Does the Epic of Atrahasis describe the creation of the Neanderthals?

It makes no sense that God would have created both Homo Sapiens and Neanderthals. So an explanation for the creation of the Neanderthals must be sought elsewhere. We now know that the Neanderthals were an entirely different species of human. They differed from Homo Sapiens both genetically and in appearance.

The Neanderthals were shorter and stockier than Homo Sapiens, who are lighter in build. If humans were compared to horses, the Neanderthals would be the cart horses and the Homo Sapiens would be the race horses. The build of the Neanderthals seems to suggest that the Neanderthals were built for labour.

I have wondered for some time now if the Epic of Atrahasis describes the creation of the Neanderthals.

The Epic of Atrahasis is a story from ancient Mesopotamia which describes how the Sumerian ‘gods’ created a man to do their work for them after a rebellion by the lower gods who were doing all the work. Neanderthal remains have been found in the geographical area that was ancient Mesopotamian. The partial remains of 10 Neanderthal men, women and children were found during excavations in the 1950s and 1960s in the Shanidar Cave in Iraq.

The Sumerian gods were all fallen angels and the Epic of Atrahasis reveals them as such. They used baptism to cleanse themselves from their sin of killing an angel to create a man:

[205] and said to the great gods:
“On the first, seventh, and fifteenth days of the month,
let me establish a purification, a bath.
Let one god be slaughtered,
then let the gods be cleansed by immersion.

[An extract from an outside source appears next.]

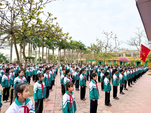 Học sinh toàn trường trong nghi lễ chào cờ

It must remembered that before Jesus became a man He was the Angel of Yahweh, the Holy Spirit. When He healed the blind man in the Gospel of John He spat on the ground and made mud:

After saying this, he spit on the ground, made some mud with the saliva, and put it on the man’s eyes. 

John 9:6 NIV

In the Epic of Atrahasis the fallen angels spit on the clay in the same way that Jesus spat on the mud:

[230] Lest he be allowed to be forgotten, the spirit remained.
After she had mixed the clay,
she summoned the Anunna, the great gods.
The Igigi, the great gods, spat upon the clay.

There is no doubt in my mind that the ‘great gods’ are a group of fallen angels and that angels can use their spit to create. Jesus seems to have created a new pair of eyes for the blind man in John 9:6 and the fallen angels in the Epic of Atrahasis used their spit when creating a body.

It is clear from the Epic of Atrahasis that the man that is being created is not the first man in existence because the fallen angels mix the flesh and blood of the angel that they slaughter with a man:

[225] Nintu mixed clay with his flesh and blood.
That same god and man were thoroughly mixed in the clay.
For the rest of the time they would hear the drum.
From the flesh of the god the spirit remained.
It would make the living know its sign.

The result is a new kind of man who the fallen angels use to do their labour:

235] Mami made rady to speak,
and said to the great gods:
“You ordered me the task and I have completed it!
You have slaughtered the god, along with his inspiration.

[240] I have done away with your heavy forced labor,
I have imposed your drudgery on man.
You have bestowed clamor upon mankind.
I have released the yoke, I have made restoration.”
They heard this speech of hers,

[245] they ran, free of care, and kissed her feet, saying:
“Formerly we used to call you Mami,
now let your name be Belet-kala-ili:”

If the Neanderthals were created by the fallen angels of Mesopotamia as slave labourers it must have been the flood that freed them from the fallen angels and allowed them to escape northwards into Europe. Therefore, the flood served more than one purpose. It wiped sin from the face of the earth and also freed a slave race from their evil masters.